Parameter Estimation for sle_solubility

samuel-zhang01 commented 8 months ago

Amazing devs of Clapeyron.jl,

Sorry to trouble you guys again. I'm exploring parameter estimation for PCSAFT of APIs. Due to the low vapour pressure of APIs, obtaining $p{sat}$ and $\rho{l,sat}$ experimentally is quite challanging. experimental sle_solubility data of APIs in different solutes though should be a good substitute to do parameterisation.
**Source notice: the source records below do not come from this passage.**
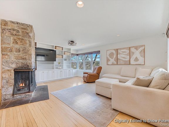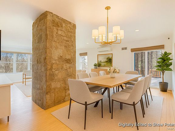 Inside, the home showcases a renovated design with hardwood floors, new mini-splits, and a wood-burning fireplace, creating a warm and inviting atmosphere. The spacious kitchen features ample storage and prep space ideal for both everyday living and entertaining guests.
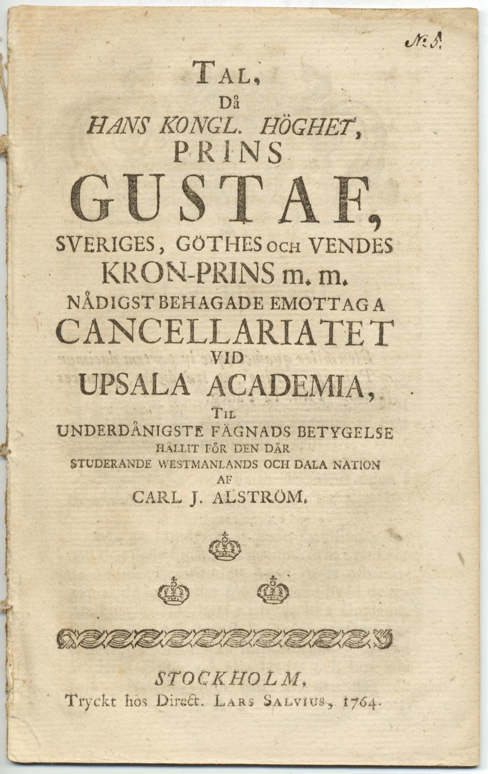 Tal, då hans kongl. höghet, prins Gustaf, Sveriges, Göthes och Vendes kron-prins m.m. nådigst behagade emottaga cancellariatet vid Upsala academia, til underdånigste fägnads betygelse hållit för den där studerande Westmanlands och Dala nation.
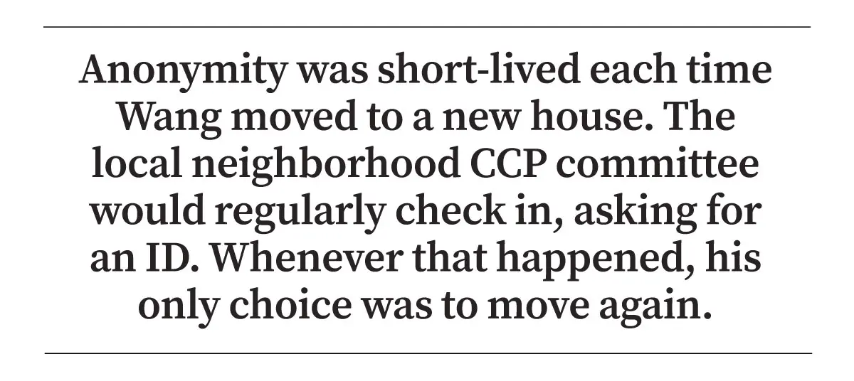 Anonymity was short-lived each time he moved to a new house. The local neighborhood CCP committee would regularly check in, asking for an ID. Whenever that happened, his only choice was to move again.
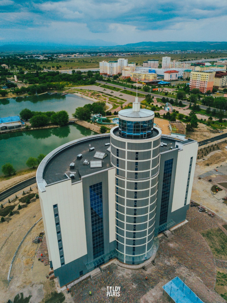 На девяти уровнях современного талдыкорганского общежития расположено 96 жилых комнат, библиотека, студенческий клуб, кафе, компьютерные комнаты, мини-кинотеатр и несколько смотровых площадок. Из окон достаточно сложного и красивого архитектурного объекта открывается отличный вид на городское озеро, где в летний период работает подсвечиваемый фонтан и имеется набережная.
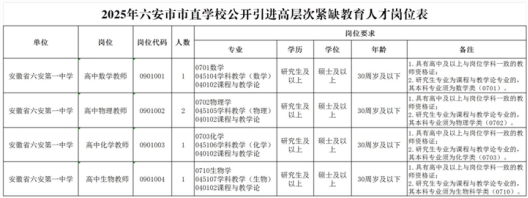 2025年安徽省六安第一中学引进高层次紧缺教育人才共计5名。具体招聘岗位、条件如下:
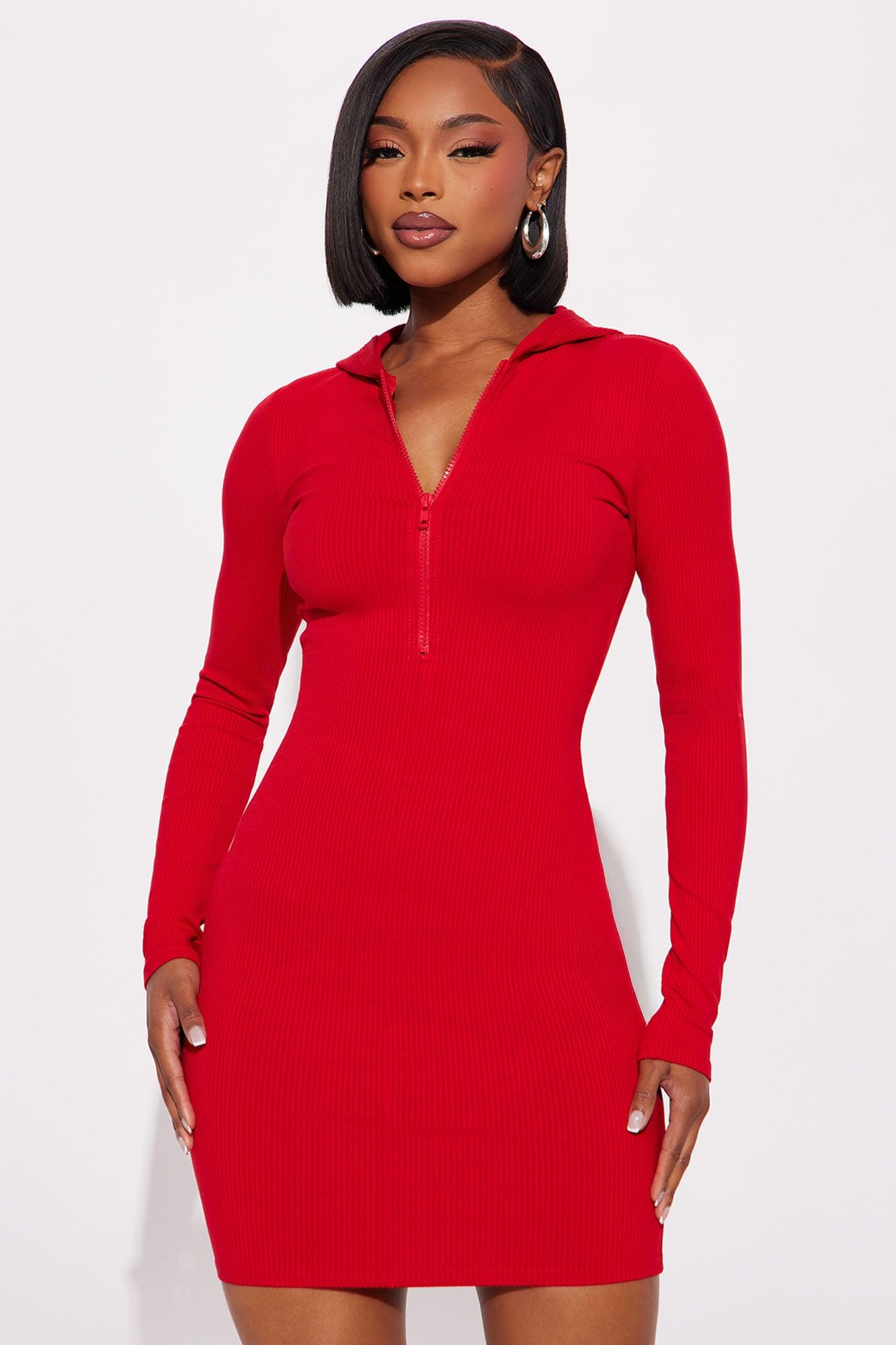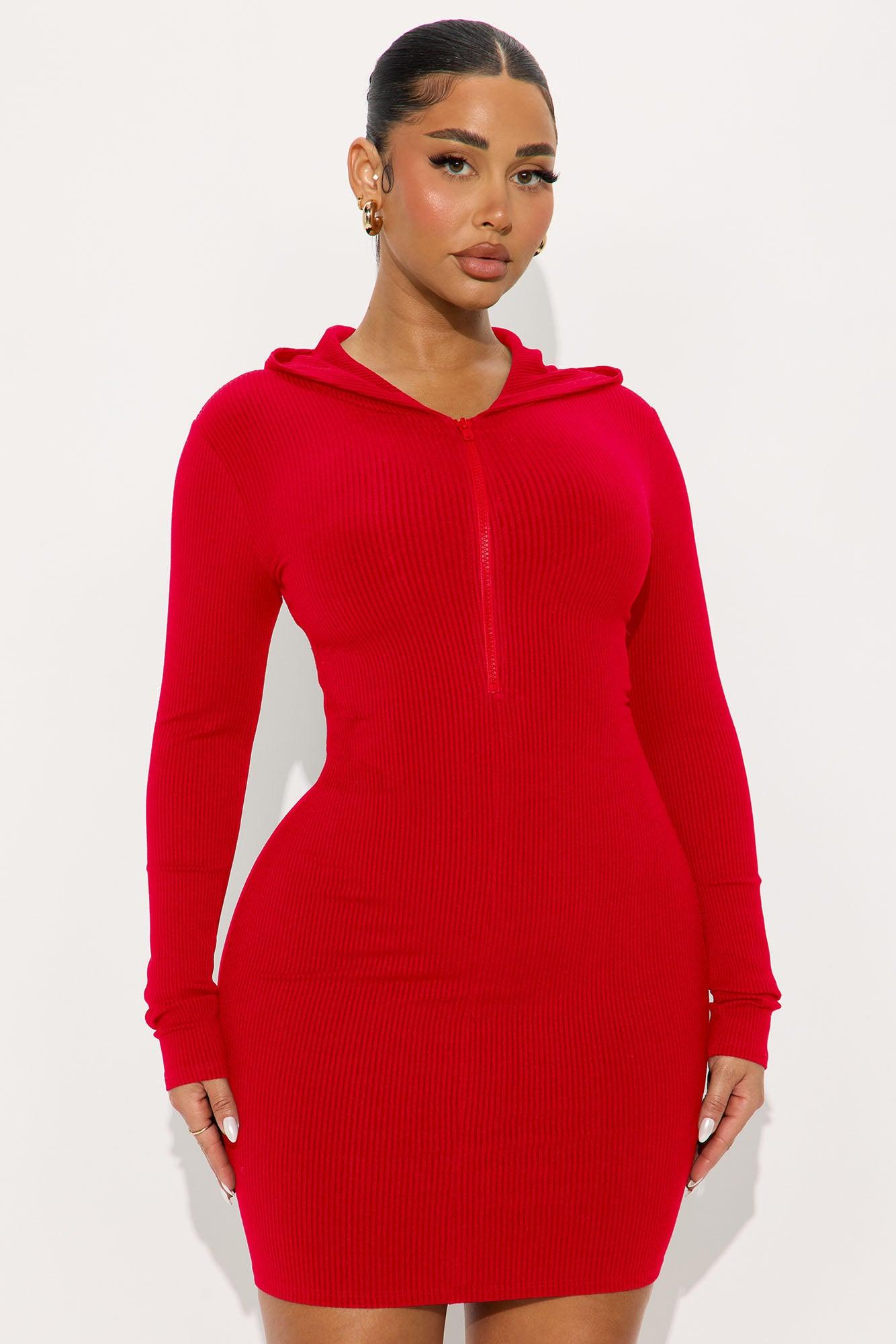 Available In Black, Brown And Red. Snatched Mini Dress High Neckline Long Sleeve Zipper Detail Hooded Stretch Length Measured Flat = 32" Self: 86% Rayon 14% Spandex Imported
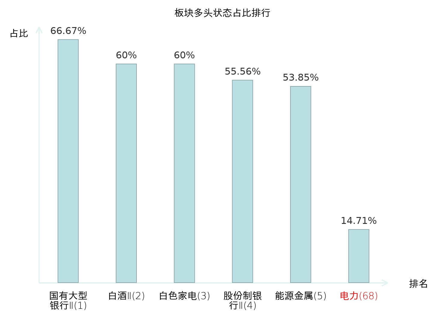 全市场所有行业板块中主力多头状态占比排名中,国有大型银行Ⅱ板块位居第一。电子化学品Ⅱ板块名次提升最快,较昨日上升55位。
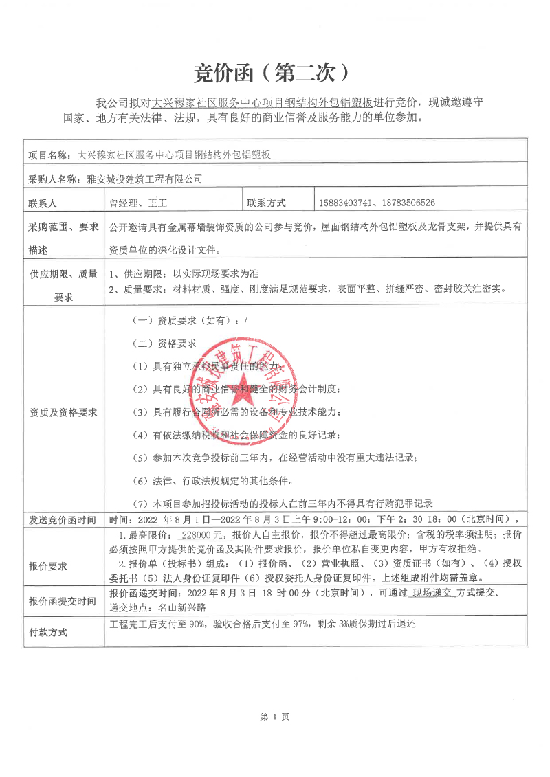 大興穆家社區(qū)服務(wù)中心項(xiàng)目鋼結(jié)構(gòu)外包鋁塑板競(jìng)價(jià)公告(第二次)

Is there a built-in support for param estimation for segment, sigma, epsilon, epsilon_assoc, and bondvol?

# Here is an imaginary param estimation code that uses sle_solubility
# init
using Pkg
Pkg.activate("..")
using Clapeyron, BlackBoxOptim

# Defining a sle_solubility function
function EXPsolubility(model::CompositeModel,T)
    sol = sle_solubility(model,101325.,T,[1.,0.];solute=[solute1])
    return sol[2]
end

# Defining solute and solvent, will be fetched from the database later
solute1="nicotinamide2016"
solvent1="ethanol2016"

# Defining a composite model
model = CompositeModel([solvent1,solute1];fluid=PCSAFT,solid=SolidHfus,gas=PCSAFT,gas_userlocations=["data/sle_specific"],fluid_userlocations=["data/sle_specific"],solid_userlocations=["data/sle_specific"])
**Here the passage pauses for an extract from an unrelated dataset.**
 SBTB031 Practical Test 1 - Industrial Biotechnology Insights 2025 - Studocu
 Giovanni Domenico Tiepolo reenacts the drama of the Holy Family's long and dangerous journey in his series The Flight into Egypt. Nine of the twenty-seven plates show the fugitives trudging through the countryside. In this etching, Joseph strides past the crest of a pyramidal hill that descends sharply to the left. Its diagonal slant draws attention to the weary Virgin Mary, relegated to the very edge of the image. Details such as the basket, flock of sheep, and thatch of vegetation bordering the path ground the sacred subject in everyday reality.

# Creating the Dict for estimation
toestimate = [
    Dict(
        :param => :epsilon_assoc,
        :lower => 1000.,
        :upper => 3000.,
        :guess => 2500.
    ),
    Dict(
        :param => :bondvol,
        :lower => 0.02,
        :upper => 0.04,
        :guess => 0.03
    )
];

# Estimation
estimator,objective,initial,upper,lower = Estimation(model,toestimate,["data/EXPsolubility.csv"]);

# BBOptim
nparams = length(initial)
bounds  = [(lower[i],upper[i]) for i in 1:nparams]
bounds
result = BlackBoxOptim.bboptimize(objective; 
        SearchRange = bounds, 
        NumDimensions = nparams,
        MaxSteps=200,
        PopulationSize = 1000,
        TraceMode=:verbose)

params = BlackBoxOptim.best_candidate(result);

here is the error code:

MethodError: no method matching sle_solubility(::CompositeModel{PCSAFT{BasicIdeal, Float64}, PCSAFT{BasicIdeal, Float64}, SolidHfus, PCSAFT{BasicIdeal, Float64}, Nothing}, ::Float64)

Closest candidates are:
  sle_solubility(::CompositeModel, ::Any, !Matched::Any, !Matched::Any; solute)
   @ Clapeyron C:\Users\USER\.julia\packages\Clapeyron\Gx6LP\src\methods\property_solvers\multicomponent\solids\sle_solubility.jl:9

Stacktrace:
  [1] _broadcast_getindex_evalf
    @ .\broadcast.jl:683 [inlined]
  [2] _broadcast_getindex
    @ .\broadcast.jl:656 [inlined]
  [3] getindex
    @ .\broadcast.jl:610 [inlined]
  [4] copy
    @ .\broadcast.jl:912 [inlined]
  [5] materialize(bc::Base.Broadcast.Broadcasted{Base.Broadcast.DefaultArrayStyle{1}, Nothing, typeof(sle_solubility), Tuple{Base.RefValue{CompositeModel{PCSAFT{BasicIdeal, Float64}, PCSAFT{BasicIdeal, Float64}, SolidHfus, PCSAFT{BasicIdeal, Float64}, Nothing}}, Vector{Union{Missing, Float64}}}})
    @ Base.Broadcast .\broadcast.jl:873
  [6] objective_function(estimation::Estimation{CompositeModel{PCSAFT{BasicIdeal, Float64}, PCSAFT{BasicIdeal, Float64}, SolidHfus, PCSAFT{BasicIdeal, Float64}, Nothing}}, guesses::Vector{Float64})
    @ Clapeyron C:\Users\USER\.julia\packages\Clapeyron\Gx6LP\src\estimation\estimation.jl:333
  [7] objective
    @ C:\Users\USER\.julia\packages\Clapeyron\Gx6LP\src\estimation\estimation.jl:137 [inlined]
  [8] fitness(x::Vector{Float64}, p::FunctionBasedProblem{Clapeyron.var"#objective#1115"{Estimation{CompositeModel{PCSAFT{BasicIdeal, Float64}, PCSAFT{BasicIdeal, Float64}, SolidHfus, PCSAFT{BasicIdeal, Float64}, Nothing}}}, ScalarFitnessScheme{true}, ContinuousRectSearchSpace, Nothing})
    @ BlackBoxOptim C:\Users\USER\.julia\packages\BlackBoxOptim\I3lfp\src\problem.jl:61
  [9] setup_problem(func::Function, parameters::ParamsDictChain)
...
    @ BlackBoxOptim C:\Users\USER\.julia\packages\BlackBoxOptim\I3lfp\src\bboptimize.jl:92
 [13] bboptimize
    @ C:\Users\USER\.julia\packages\BlackBoxOptim\I3lfp\src\bboptimize.jl:91 [inlined]
 [14] top-level scope
    @ c:\Users\USER\Documents\Documents\GitHub Repos\PC-SAFT-Thermo-Properties-Tool\example-calculations\Parameter-Estimation\parameter_estimation test.ipynb:4

I've linked the databases used for my calculation.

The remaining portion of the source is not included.